The Unique Nature of Product Management in Embodied Intelligence
Published:
Originally published on Substack.
While pure software PM roles are increasingly being squeezed by AI, the situation in embodied intelligence is almost the complete opposite.
Embodied intelligence isn’t simply about “plugging a large model into hardware.” It’s a systems engineering challenge that spans the physical and digital worlds.
In this field, the role of the PM isn’t diminishing—it’s being forced to evolve.
1. Mistakes Here Can’t Be Fixed with “the Next Version”
In the software world, a mistaken requirement usually means, at worst:
Writing a few extra lines of code
Rolling back a version
Redoing an A/B test
But in an embodied intelligence system:
Hardware orders have already been placed
Mechanical designs are finalized
Supply chains are locked in
On-site deployment has already happened
A single wrong product assumption can cost six months and millions of dollars.
The primary responsibility of an embodied intelligence PM isn’t to drive delivery—it’s to prevent mistakes from being scaled up.
I felt this deeply when delivering production lines for BMW, Audi, and Tesla at Frimo: once the mechanical design is locked in and suppliers are committed, changing requirements costs months and millions.
This isn’t a matter of dragging a ticket in Jira.
2. You’re Not Managing Requirements—You’re Managing Irreversible System Couplings
Embodied intelligence PMs don’t face a list of features; they face tightly coupled system constraints:
Sensor accuracy ↔ Control algorithm complexity
Real-time requirements ↔ Model size
Power consumption ↔ Compute power ↔ Heat dissipation ↔ Cost
Mechanical tolerances ↔ Perception robustness
Safety standards ↔ Freedom of motion strategies
These aren’t engineering details—they’re product-level decisions.
In such a system, every “requirement” permanently alters the system’s degrees of freedom.
This isn’t writing a PRD; it’s making systemic trade-offs.
3. Embodied Intelligence PMs Must Understand the “Temperament” of the Physical World
I’ve seen far too many failures where the problem wasn’t the algorithm, but reality:
Uneven floors
Changing lighting conditions
Cable aging
Temperature drift
User misuse
The physical world doesn’t evolve according to a roadmap, and users don’t operate the product the way it was demoed.
A PM without real-world, on-the-ground experience will see their product crash and burn in actual deployment.
4. The Rhythm Isn’t Sprints—It’s the “Physical Beat”
The pace of embodied intelligence is never:
Two-week sprints
Quarterly OKRs
It’s dictated by reality:
Supply chain lead times
Mechanical prototyping cycles
Safety certification processes
On-site deployment windows
PMs manage time windows and decision sequencing, not task lists. Getting the sequence wrong is more fatal than moving slowly.

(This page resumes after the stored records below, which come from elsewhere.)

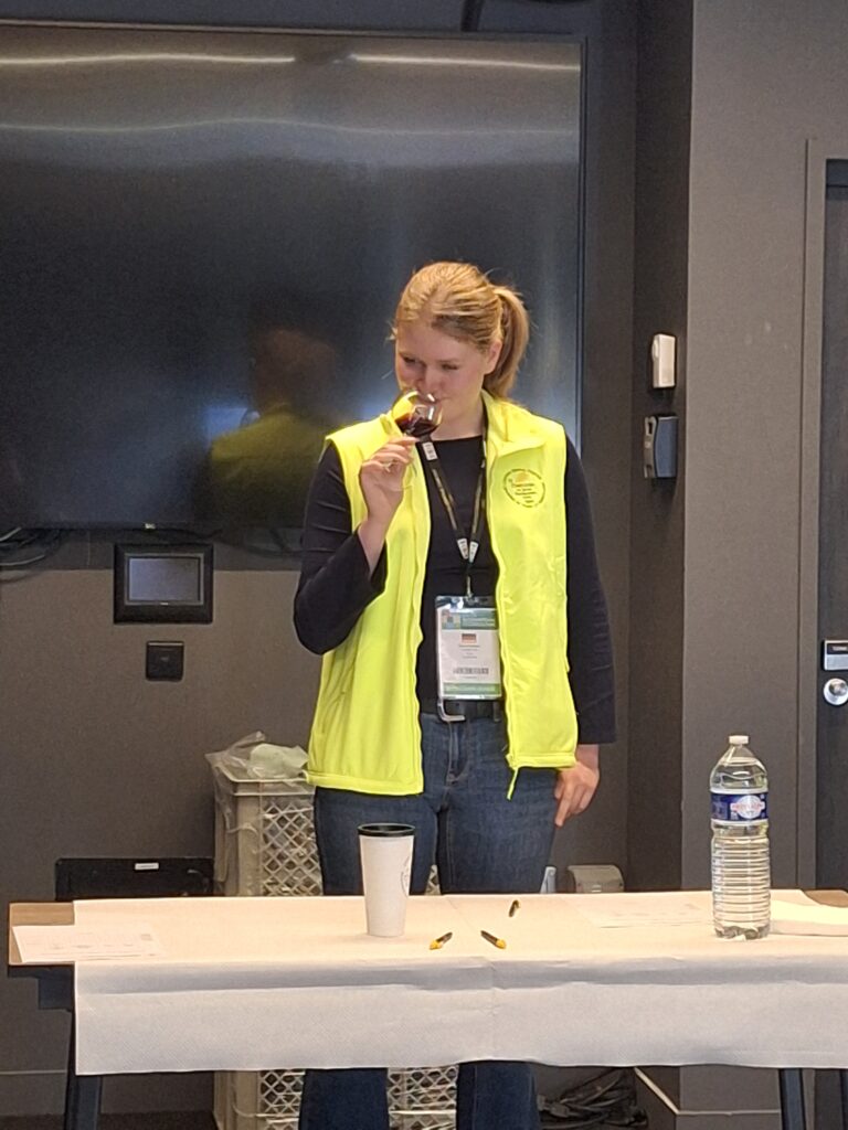 Après les deux premiers tours, les trois finalistes du concours international ont été désignés : outre Marlene et Johannes, une candidate originaire d’Ukraine, a également pu participer à la finale. Tous les participants se sont montrés très motivés et ont réalisé d’excellentes performances lors de la dégustation à l’aveugle ! Pour la seconde fois dans l’histoire du concours de dégustation, deux participants de la même équipe ont occupé les 1re et 3e places du podium ! Marlene Karsbach remporte la 1ère place et son camarade Johannes Mett la 3ème place.
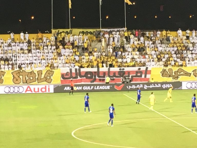 ورفع مشجعو الوصل لافتة تحمل عبارة "افريقيا يا زمالك" في مواجهة النصر بالجولة الثالثة من دوري الخليج العربي (الجمعة)، لتظهر جماهير الإمبراطور الدعم والمساندة للأبيض الشقيق في مواجهته القارية.
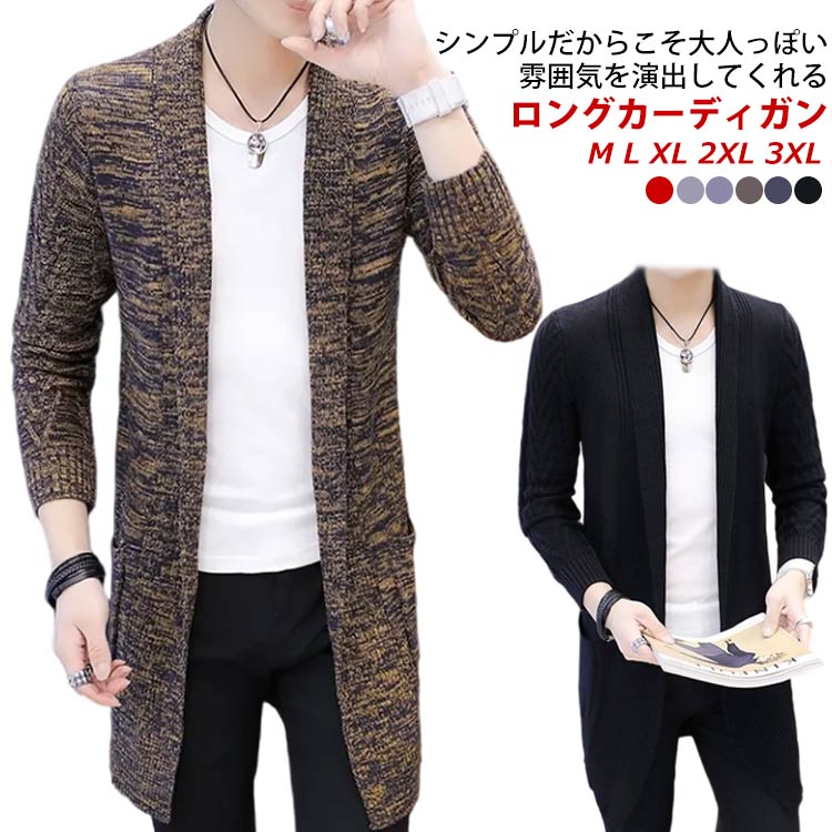 メンズカーディガン ロング カーディガン 長袖 ワンカラー カジュアル キレイめメンズファッション トップス カーディガン

5. Embodied Intelligence PMs Are Essentially “Risk Allocators”
In software, risks can be rolled back. In embodied intelligence, risks must be allocated upfront.
The PM has to decide:
Which risks are handled by algorithms
Which are absorbed by mechanical redundancy
Which are covered by operational processes
Which must be avoided entirely through product positioning
This is responsibility boundary design, not engineering detail.
6. There’s No Room for “Weak PMs” Here
In embodied intelligence teams:
A PM who doesn’t understand the system slows everyone down
A PM who won’t make trade-offs amplifies risk
A PM who only pushes progress leads the team into dead ends
In the end, there are only two possibilities:
The PM is exceptionally strong
Or the role effectively doesn’t exist
This isn’t harsh—it’s reality.
One Final Honest Truth
An embodied intelligence PM isn’t “someone who can write a PRD.”
It’s someone willing to take responsibility for the future before the system even takes shape.
In this field:
Engineering capability sets the floor
Product judgment determines survival
That’s why I’ve always believed— Embodied intelligence isn’t where PMs disappear. It’s where PMs are truly put to the test.